Given material Start Marker

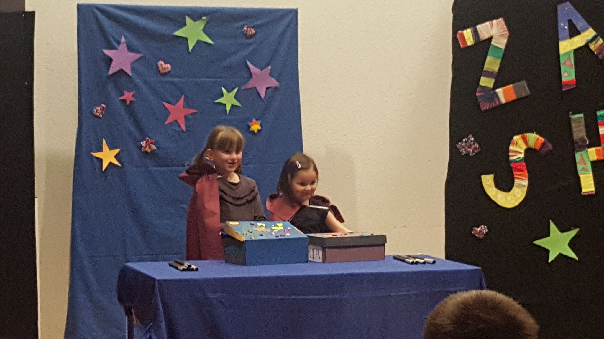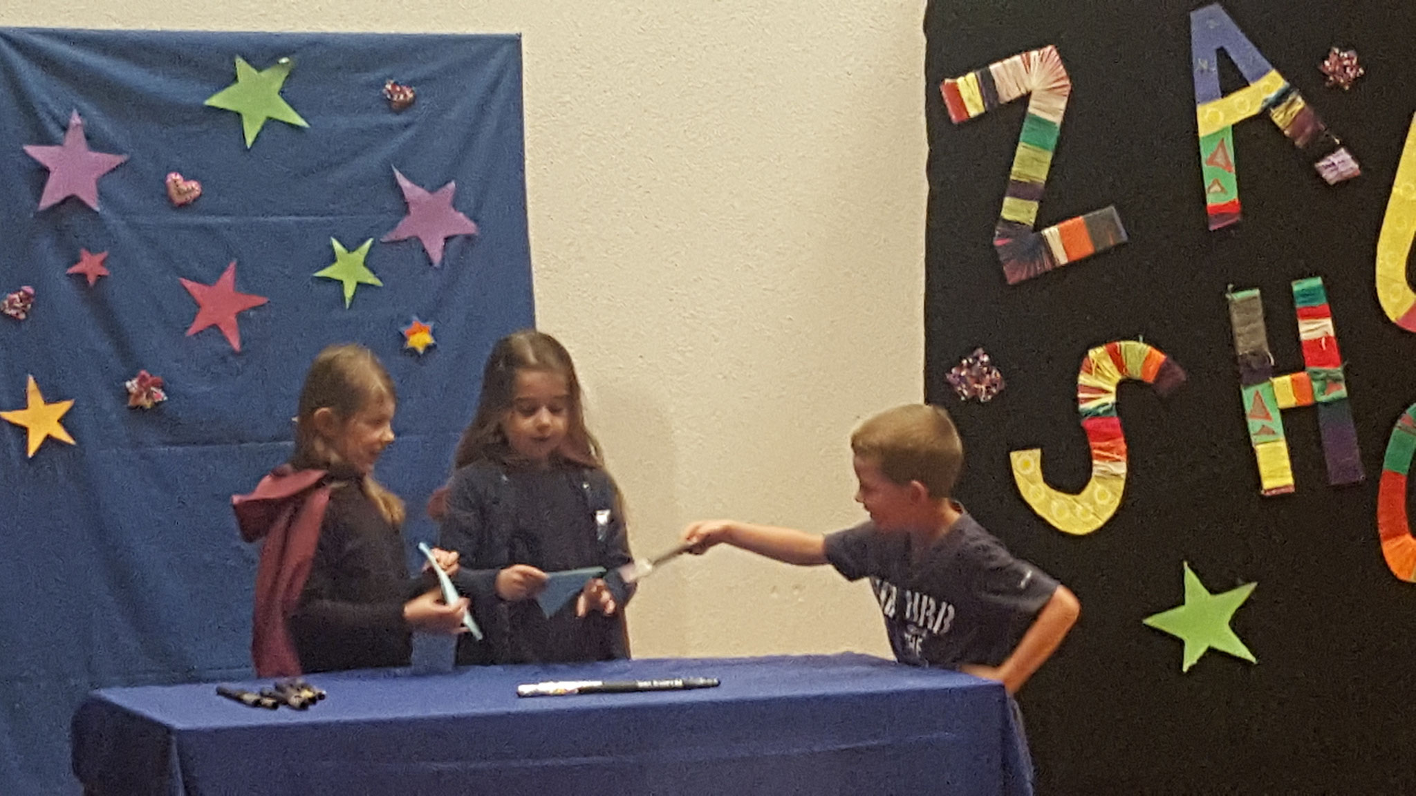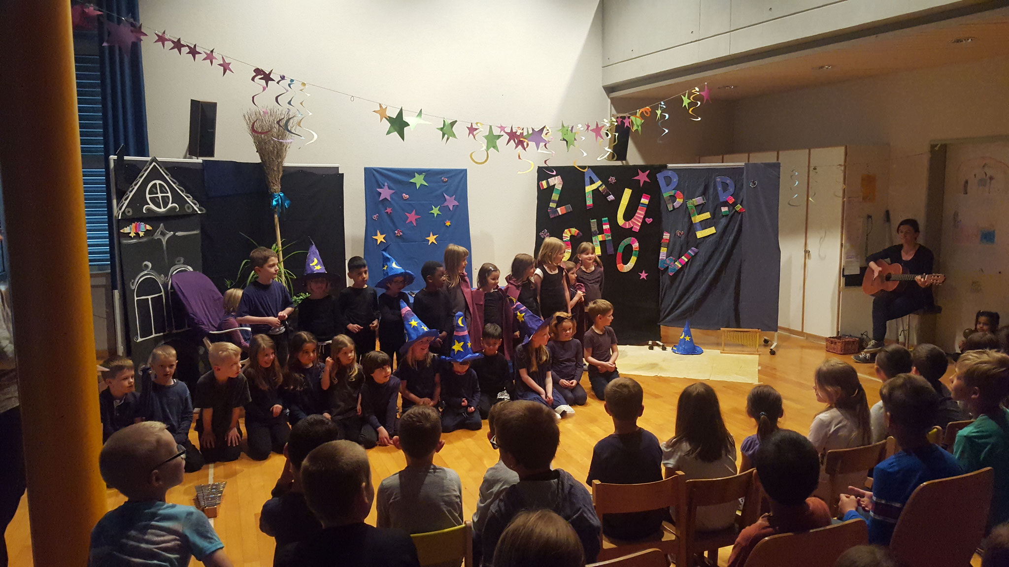 Den Rahmen für die Zaubershow legte die Geschichte um Zilly und Zingaro, welche die Kindergartenkinder über das ganze Schuljahr begleiteten.
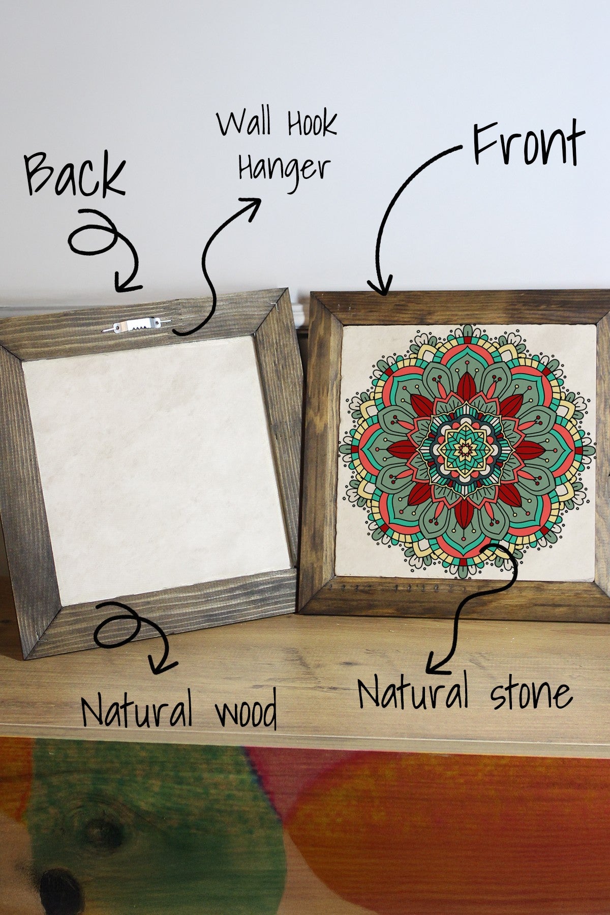 Ersytastablo28 - 16 Quadro Decorativo em Pedra com Moldura de Madeira 15,5 x 15,5 cm – Multicolor, Impressão UV
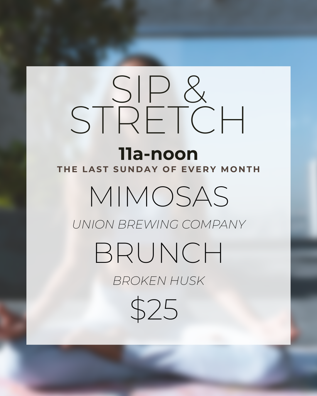 This event is a 30 minute blended workout (sweat/stretch). Attendees receive a complimentary mimosa and brunch.

Given material End Marker

To do
Skip every picture and return the lines above from the top through the one that contains "Ersytastablo28 - 16".

Answer for the task
 Den Rahmen für die Zaubershow legte die Geschichte um Zilly und Zingaro, welche die Kindergartenkinder über das ganze Schuljahr begleiteten.
 Ersytastablo28 - 16 Quadro Decorativo em Pedra com Moldura de Madeira 15,5 x 15,5 cm – Multicolor, Impressão UV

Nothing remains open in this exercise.